Could you write out, exactly and with no pictures, every line from the one containing "ㅡ 출발시각 이후에는 역에서 환불 신청하셔야 합니다." through the last line of the entries?

#### EXTRACTED DATA:

********

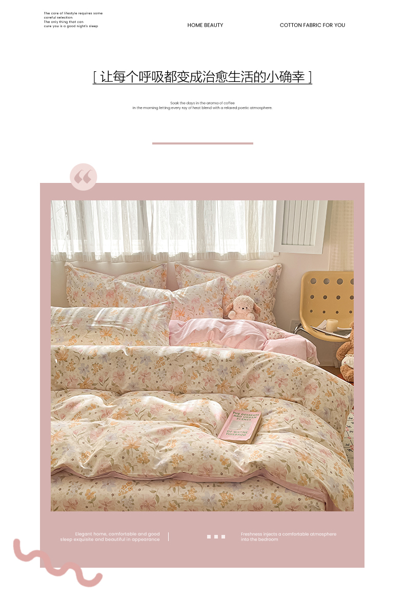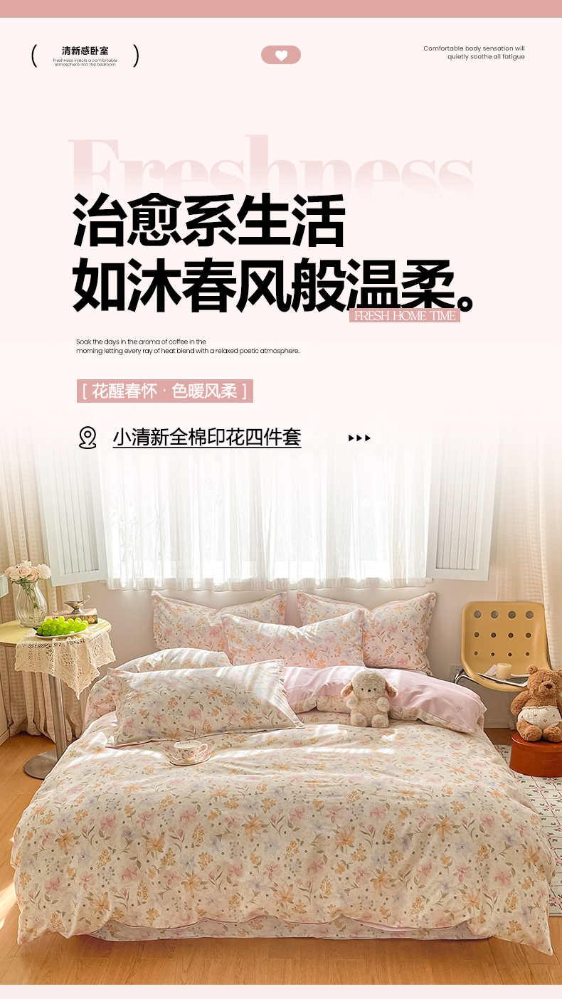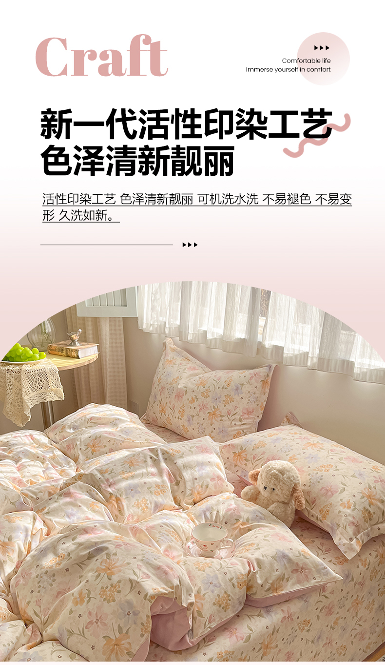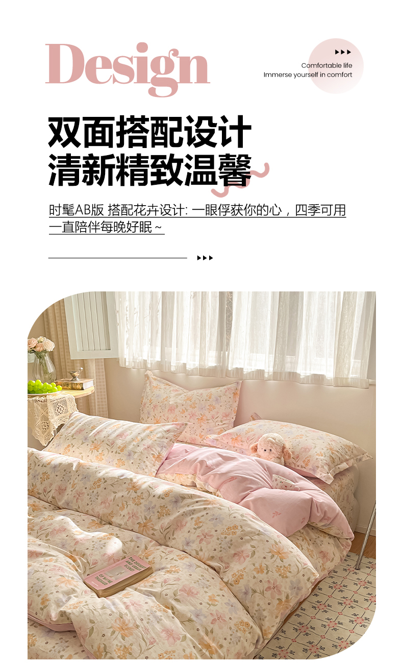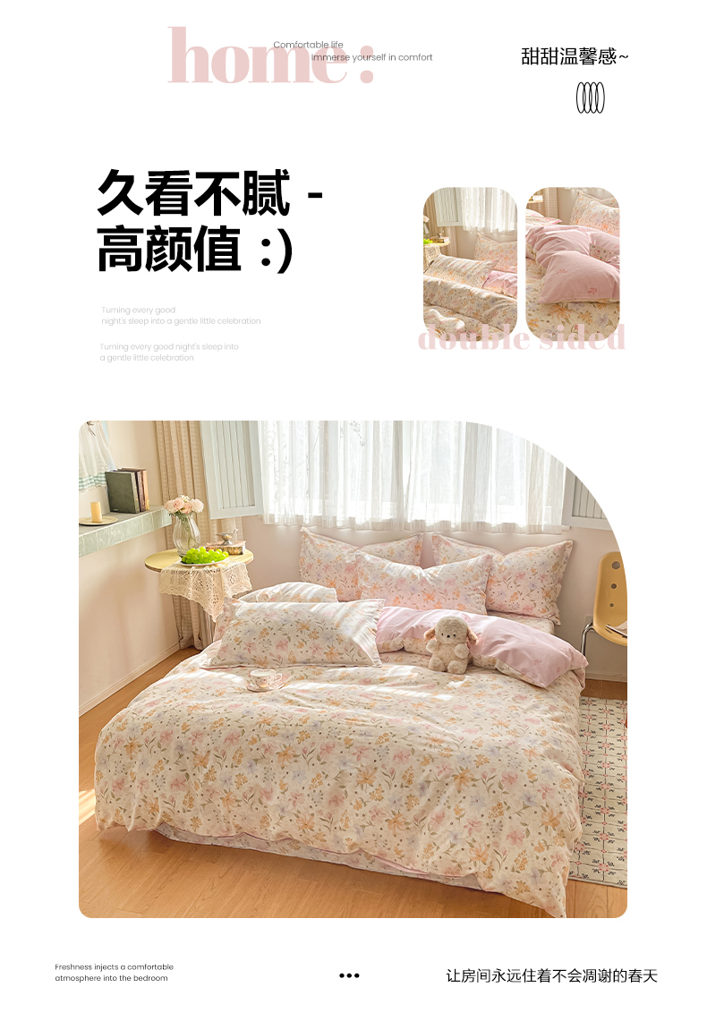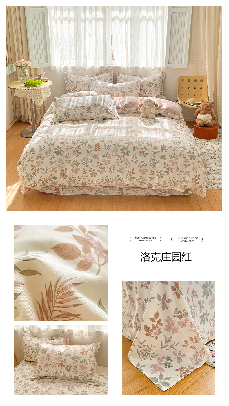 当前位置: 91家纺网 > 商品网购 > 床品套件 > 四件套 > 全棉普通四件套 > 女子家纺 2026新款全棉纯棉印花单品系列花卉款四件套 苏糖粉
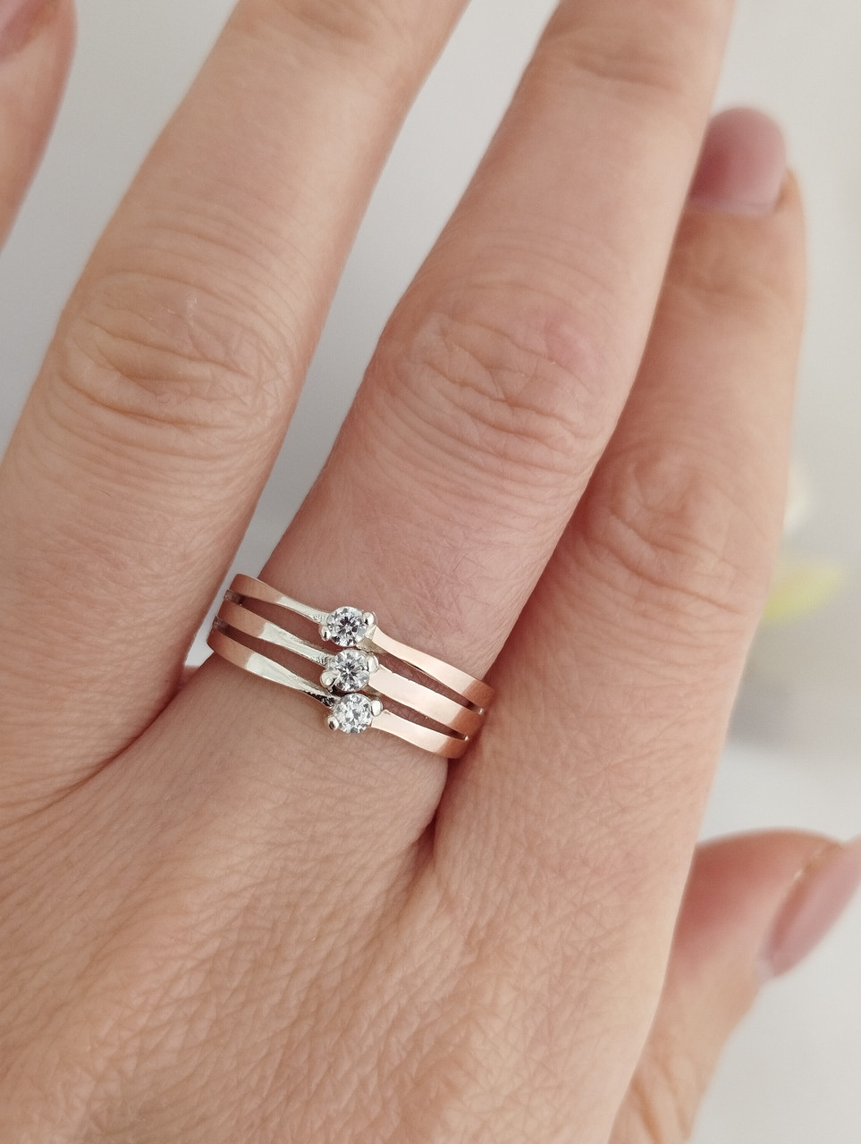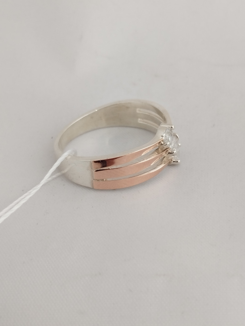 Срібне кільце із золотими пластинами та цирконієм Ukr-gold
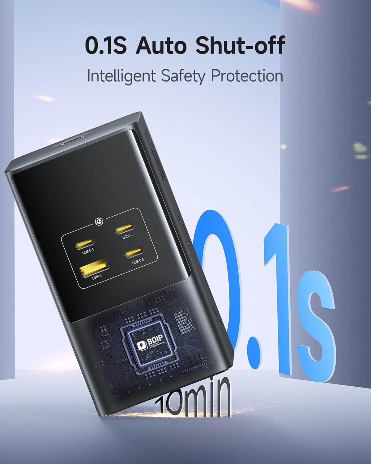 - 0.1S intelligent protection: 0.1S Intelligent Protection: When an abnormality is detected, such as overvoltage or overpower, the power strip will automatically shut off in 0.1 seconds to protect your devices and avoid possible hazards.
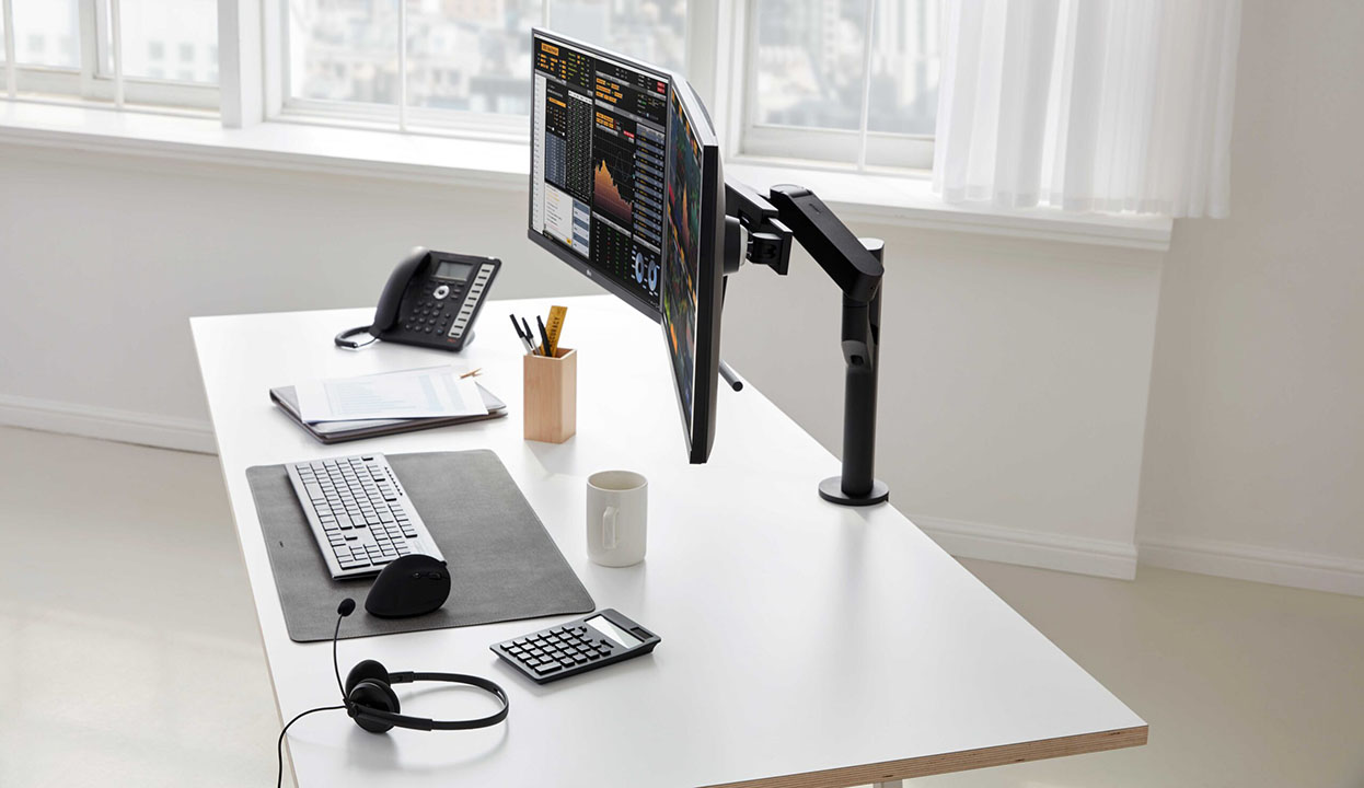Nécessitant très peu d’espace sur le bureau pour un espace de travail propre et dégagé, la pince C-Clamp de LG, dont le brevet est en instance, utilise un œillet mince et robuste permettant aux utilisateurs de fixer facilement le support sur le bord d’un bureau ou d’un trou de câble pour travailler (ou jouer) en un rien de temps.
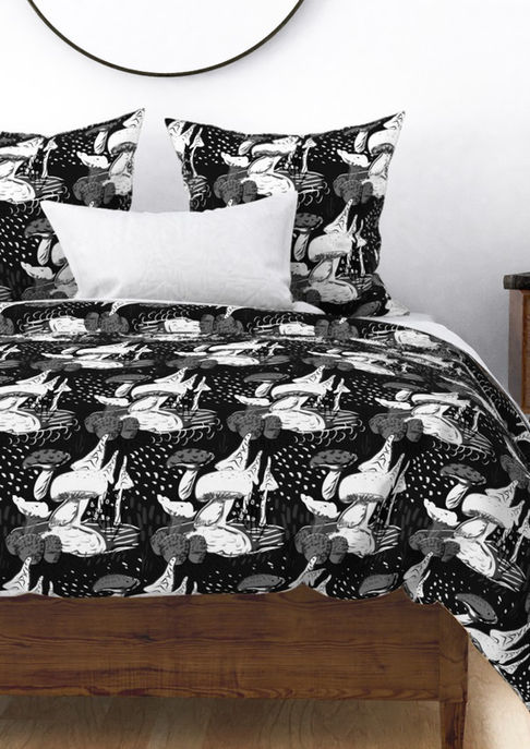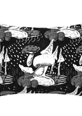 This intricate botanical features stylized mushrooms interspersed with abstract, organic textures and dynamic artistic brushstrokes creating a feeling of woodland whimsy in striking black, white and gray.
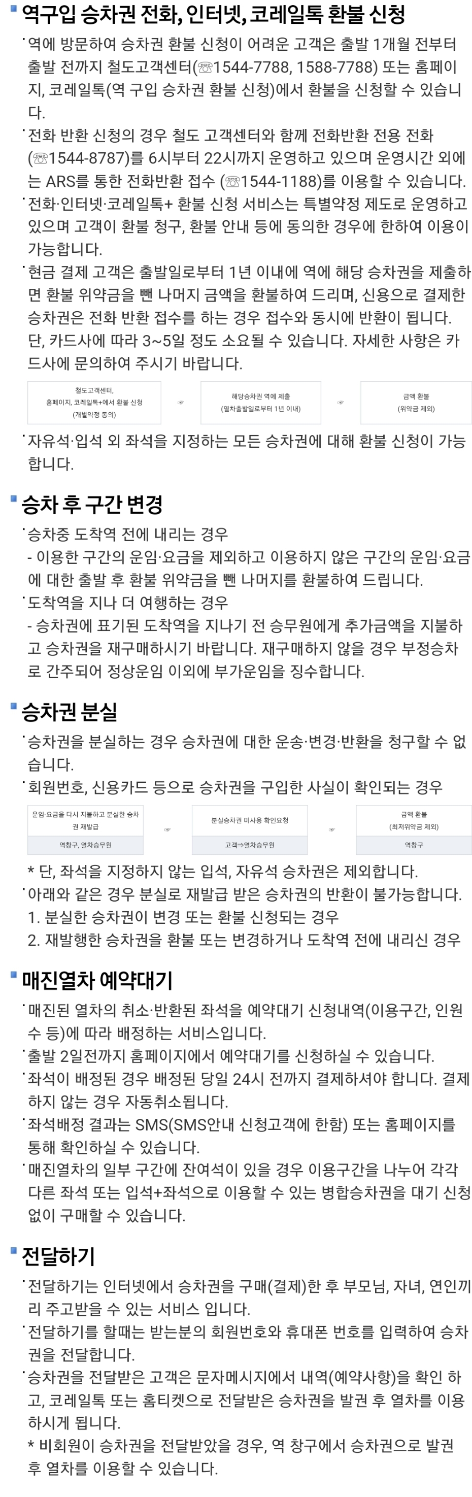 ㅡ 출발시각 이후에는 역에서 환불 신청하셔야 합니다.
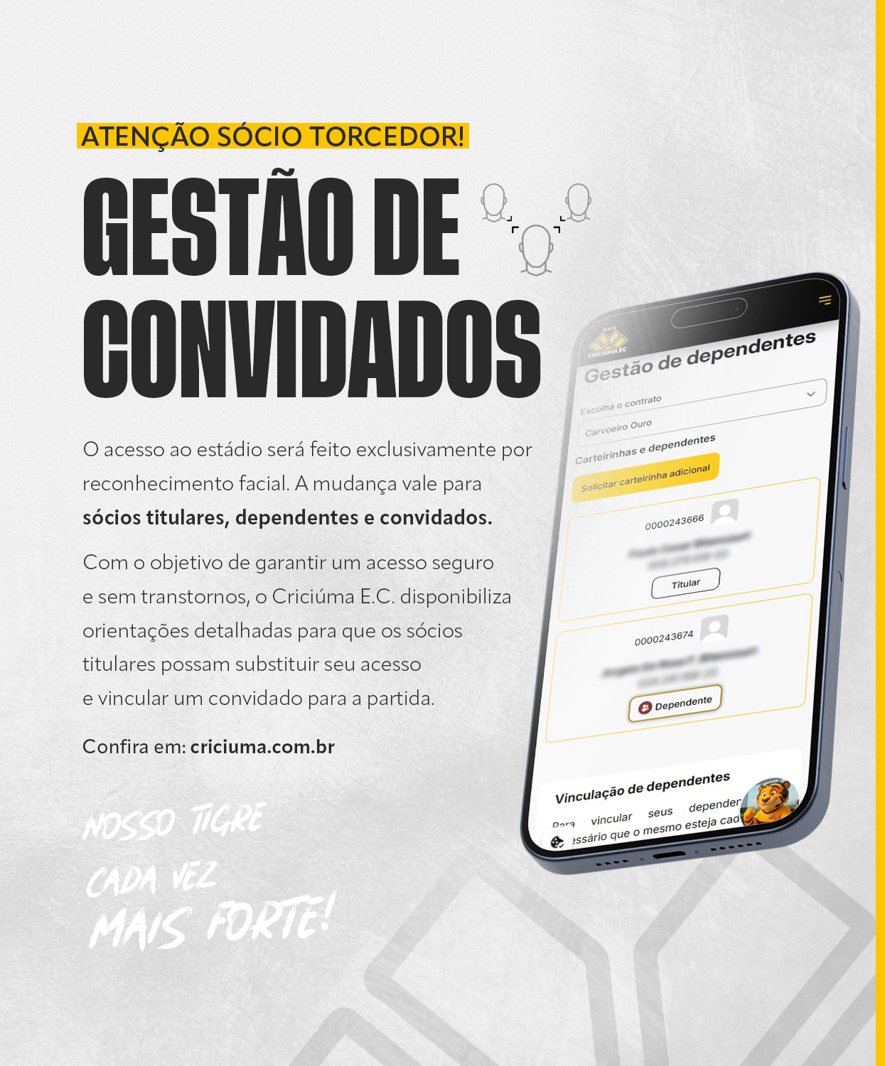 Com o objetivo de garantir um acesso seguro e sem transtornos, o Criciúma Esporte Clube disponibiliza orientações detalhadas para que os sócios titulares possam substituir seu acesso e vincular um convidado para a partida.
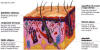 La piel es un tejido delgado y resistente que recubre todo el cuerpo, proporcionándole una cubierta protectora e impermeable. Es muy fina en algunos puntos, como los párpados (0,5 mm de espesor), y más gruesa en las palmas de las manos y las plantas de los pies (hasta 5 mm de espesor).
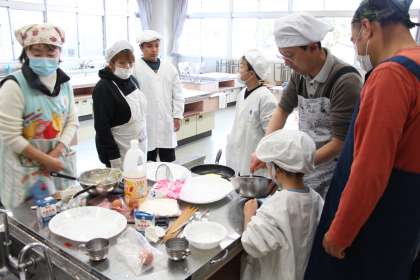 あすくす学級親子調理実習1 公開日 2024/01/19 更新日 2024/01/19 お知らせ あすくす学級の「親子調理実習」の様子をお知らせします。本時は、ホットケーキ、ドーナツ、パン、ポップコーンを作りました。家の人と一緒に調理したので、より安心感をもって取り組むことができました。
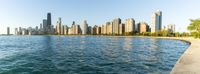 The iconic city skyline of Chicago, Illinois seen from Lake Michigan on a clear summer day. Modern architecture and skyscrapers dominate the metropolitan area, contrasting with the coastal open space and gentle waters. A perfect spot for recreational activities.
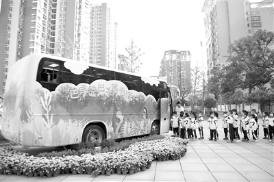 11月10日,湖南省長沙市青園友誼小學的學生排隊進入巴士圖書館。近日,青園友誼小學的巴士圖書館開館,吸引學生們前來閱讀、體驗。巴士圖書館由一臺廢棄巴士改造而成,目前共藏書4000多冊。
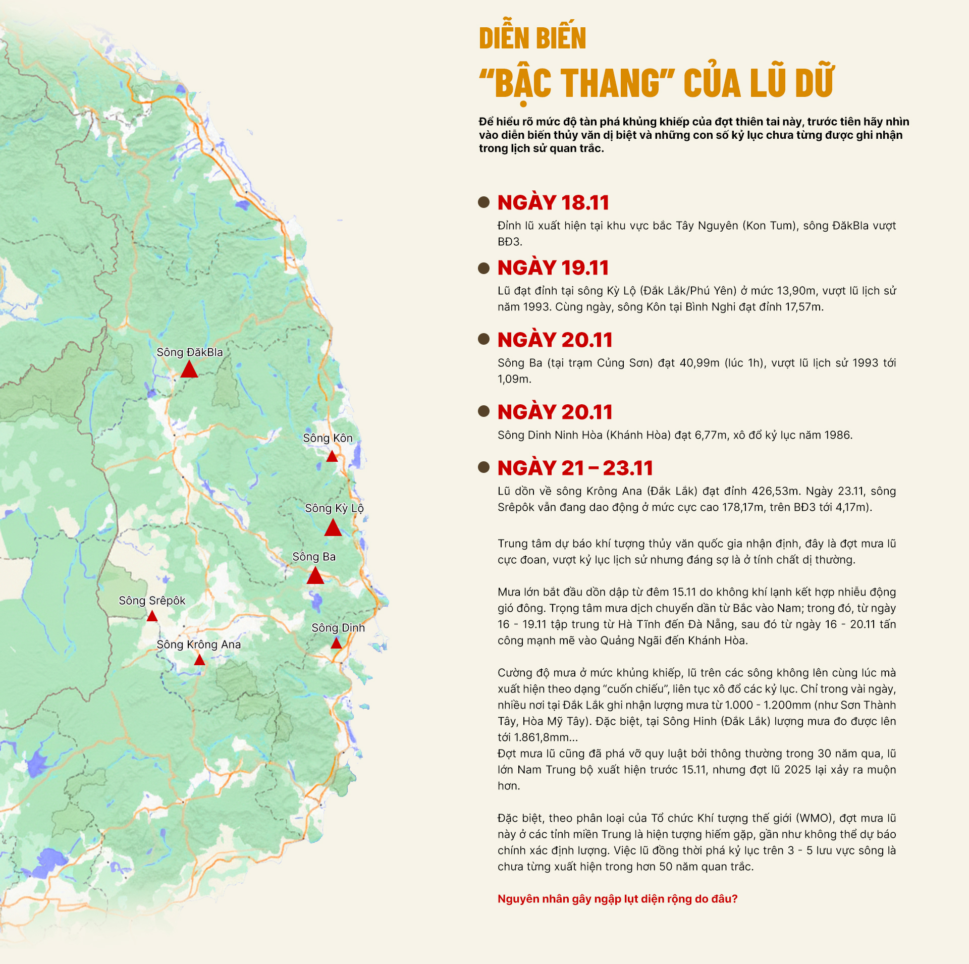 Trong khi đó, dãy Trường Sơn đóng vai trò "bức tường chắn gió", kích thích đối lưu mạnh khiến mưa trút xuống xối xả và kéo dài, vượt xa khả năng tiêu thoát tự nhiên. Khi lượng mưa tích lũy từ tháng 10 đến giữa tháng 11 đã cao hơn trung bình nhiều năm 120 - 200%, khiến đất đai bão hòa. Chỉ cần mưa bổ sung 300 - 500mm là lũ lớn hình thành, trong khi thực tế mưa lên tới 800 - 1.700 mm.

********

#### RESPONSE BOX:
 ㅡ 출발시각 이후에는 역에서 환불 신청하셔야 합니다.
 Com o objetivo de garantir um acesso seguro e sem transtornos, o Criciúma Esporte Clube disponibiliza orientações detalhadas para que os sócios titulares possam substituir seu acesso e vincular um convidado para a partida.
 La piel es un tejido delgado y resistente que recubre todo el cuerpo, proporcionándole una cubierta protectora e impermeable. Es muy fina en algunos puntos, como los párpados (0,5 mm de espesor), y más gruesa en las palmas de las manos y las plantas de los pies (hasta 5 mm de espesor).
 あすくす学級親子調理実習1 公開日 2024/01/19 更新日 2024/01/19 お知らせ あすくす学級の「親子調理実習」の様子をお知らせします。本時は、ホットケーキ、ドーナツ、パン、ポップコーンを作りました。家の人と一緒に調理したので、より安心感をもって取り組むことができました。
 The iconic city skyline of Chicago, Illinois seen from Lake Michigan on a clear summer day. Modern architecture and skyscrapers dominate the metropolitan area, contrasting with the coastal open space and gentle waters. A perfect spot for recreational activities.
 11月10日,湖南省長沙市青園友誼小學的學生排隊進入巴士圖書館。近日,青園友誼小學的巴士圖書館開館,吸引學生們前來閱讀、體驗。巴士圖書館由一臺廢棄巴士改造而成,目前共藏書4000多冊。
 Trong khi đó, dãy Trường Sơn đóng vai trò "bức tường chắn gió", kích thích đối lưu mạnh khiến mưa trút xuống xối xả và kéo dài, vượt xa khả năng tiêu thoát tự nhiên. Khi lượng mưa tích lũy từ tháng 10 đến giữa tháng 11 đã cao hơn trung bình nhiều năm 120 - 200%, khiến đất đai bão hòa. Chỉ cần mưa bổ sung 300 - 500mm là lũ lớn hình thành, trong khi thực tế mưa lên tới 800 - 1.700 mm.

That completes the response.